• Economie de proximité

    Economie de proximité :
    une chance pour l’écologie et la solidarité ?
    par Guy Hascoët


    Mercredi 30 mai 2007 à 20 h 30
    Salle polyvalente de Bezaumont

    Economie de proximité

     

    Entre cités dortoirs, lieux de travail et supermarchés, notre rythme de vie s’accélère pendant que l’état de la planète se dégrade. Préserver l’avenir nous commande de revoir l’aménagement de nos territoires pour un mode de vie plus économe et partageur.

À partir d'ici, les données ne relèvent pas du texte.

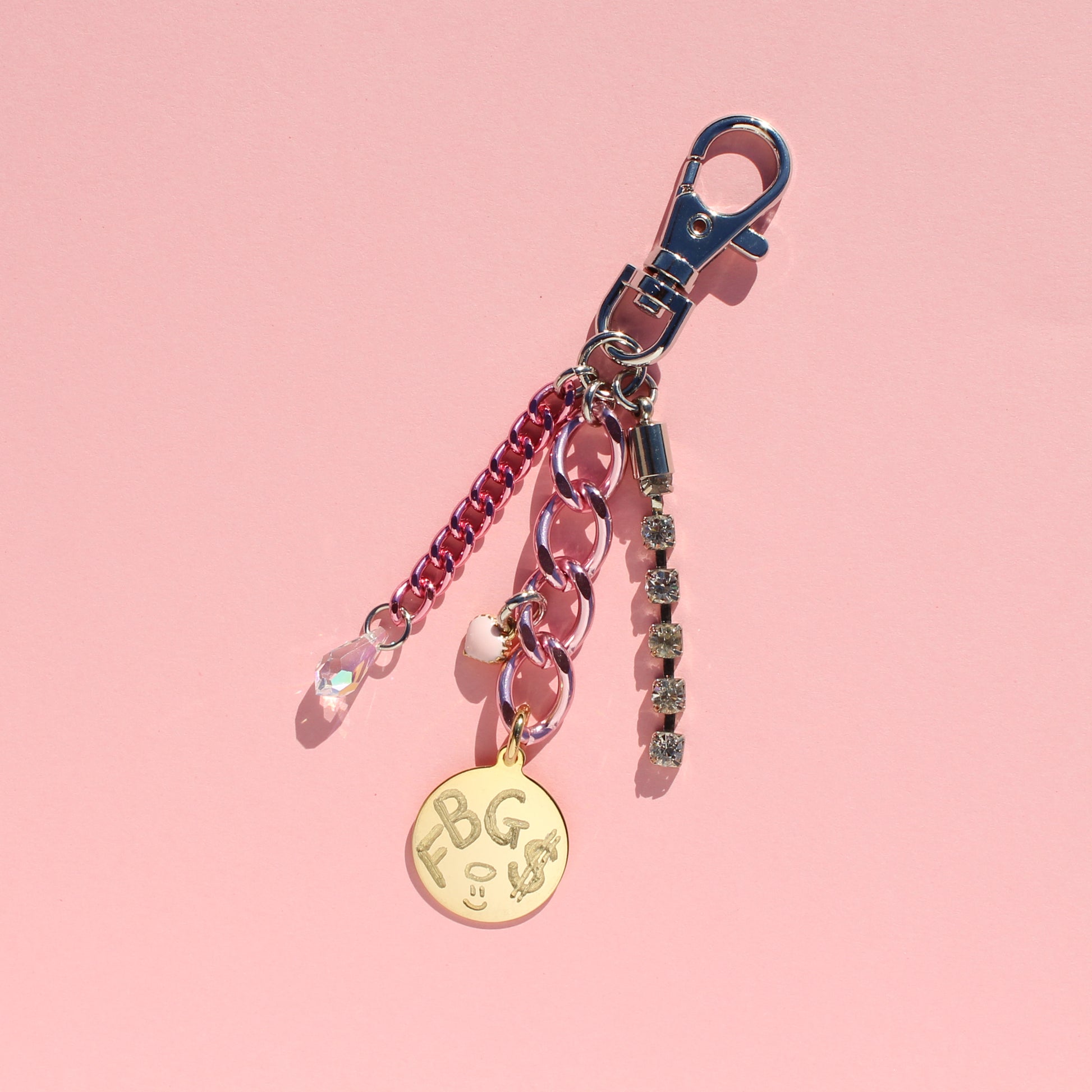 Dog tag with signature alternative engraving on anodized pink aluminum links, with charms and crystal chain, plus a lil Swarovski crystal. This guy is on a clip, so you can add to keychains, o-ring chokers, your bag, or whatever.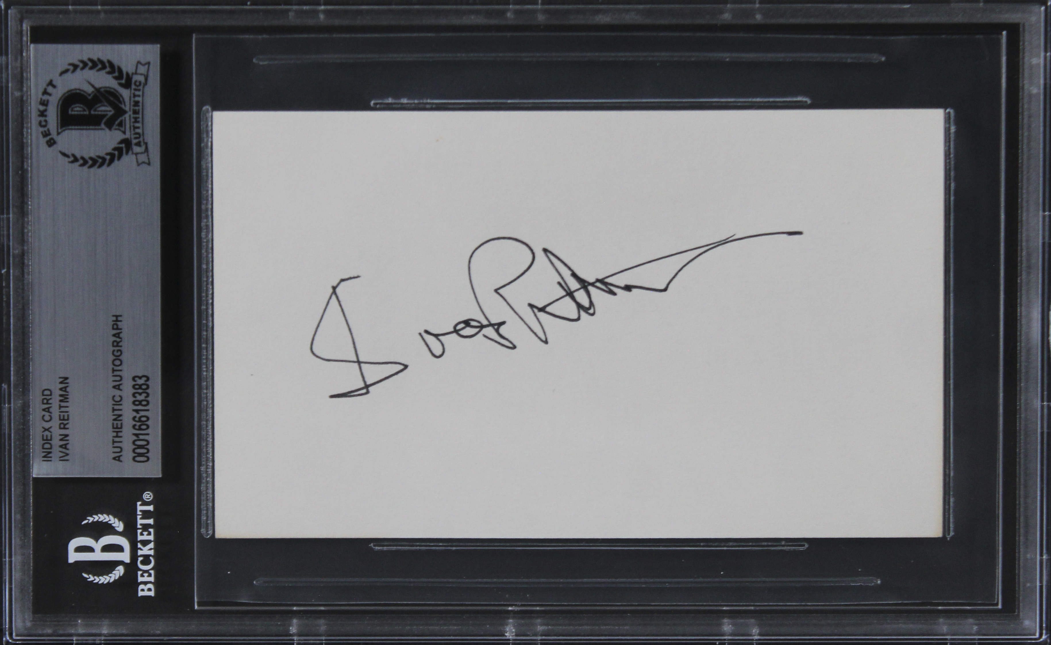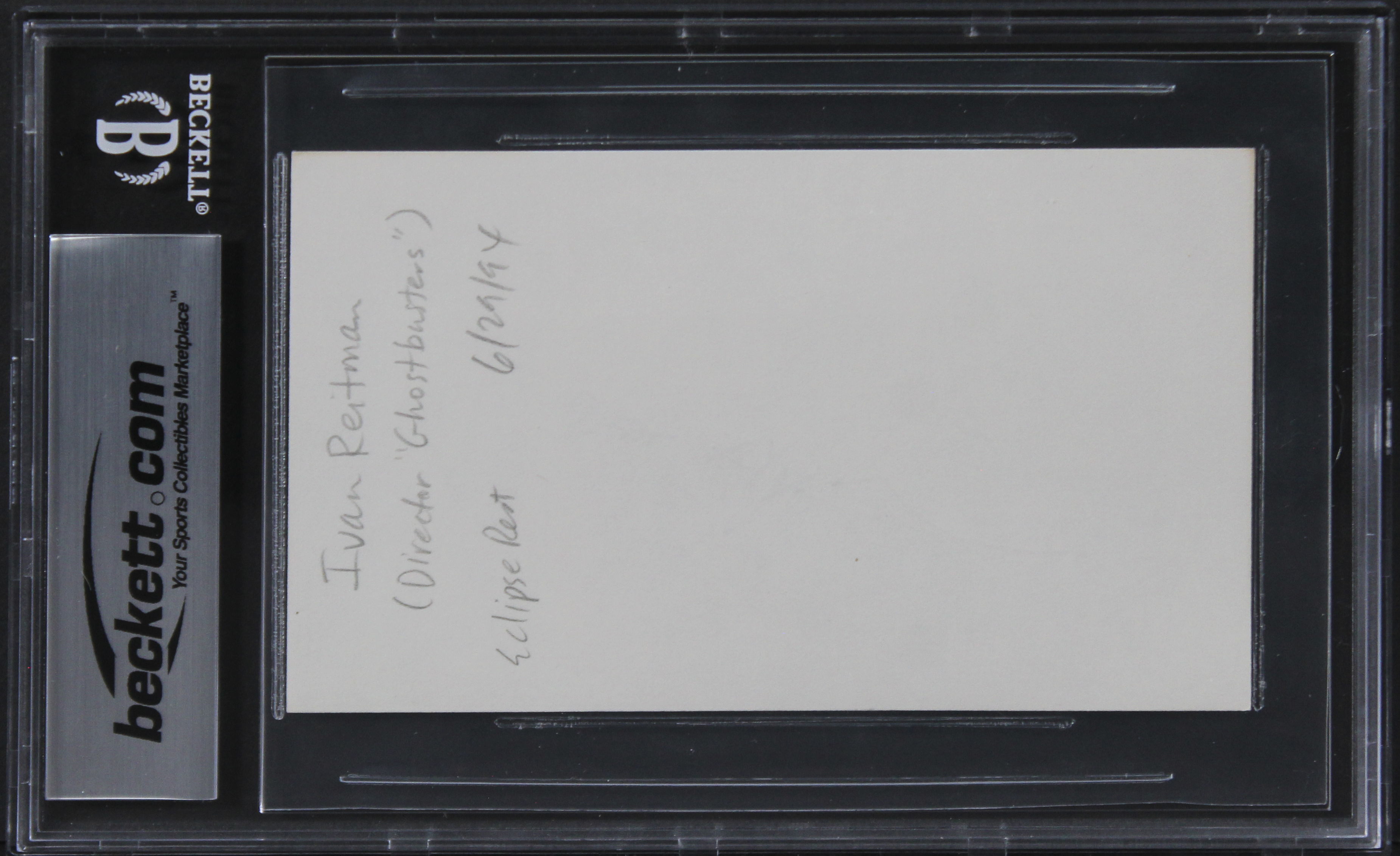 This Autographed 3x5 Index Card has been Personally Signed by Ivan Reitman of Ghostbusters. This item is 100% Authentic, it comes slabbed and authenticated by Beckett Authentication Services. The authenticity can be verified on Beckett Authentication Services website.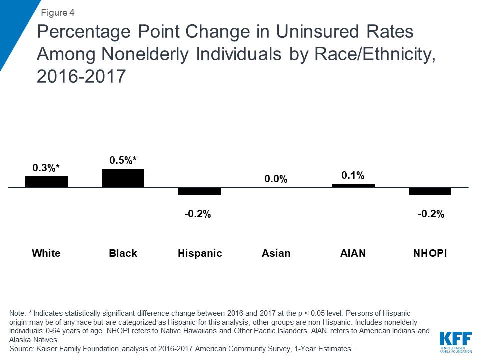 Figure 4: Percentage Point Change in Uninsured Rates Among Nonelderly Individuals by Race/Ethnicity, 2016-2017

    Guy Hascoët a participé, en 1984, à la création du parti politique Les Verts. Il occupera diverses responsabilités dans le mouvement, jusqu’au porte-parolat, de 1995 à 1997. Ni optimiste ni utopiste, il fait partie de ces hommes de terrain et d’action qui préfèrent tout essayer avant de s’avouer vaincu, qui privilégient le désir de vivre et la créativité plutôt que le repli sur soi et la panique stérile. Ancien député et ancien Secrétaire d’État à l’économie solidaire, créateur et président depuis 2002 de l’Académie du développement durable et humain, il met toute son énergie au service de l’innovation dans le domaine de l’écologie. Outre de très nombreux articles, il est l’auteur de "Le pouvoir est ailleurs" (Actes Sud, 1999).

     

    La population mondiale augmente sans cesse, et elle a tendance à consommer de plus en plus. Nous allons, dans les années qui viennent, être confrontés à un réel problème de pénurie des ressources. Nous vivons une période unique, mais nous n'avons pas pris conscience de l'importance de ce qui est en jeu et des changements que ça nous impose.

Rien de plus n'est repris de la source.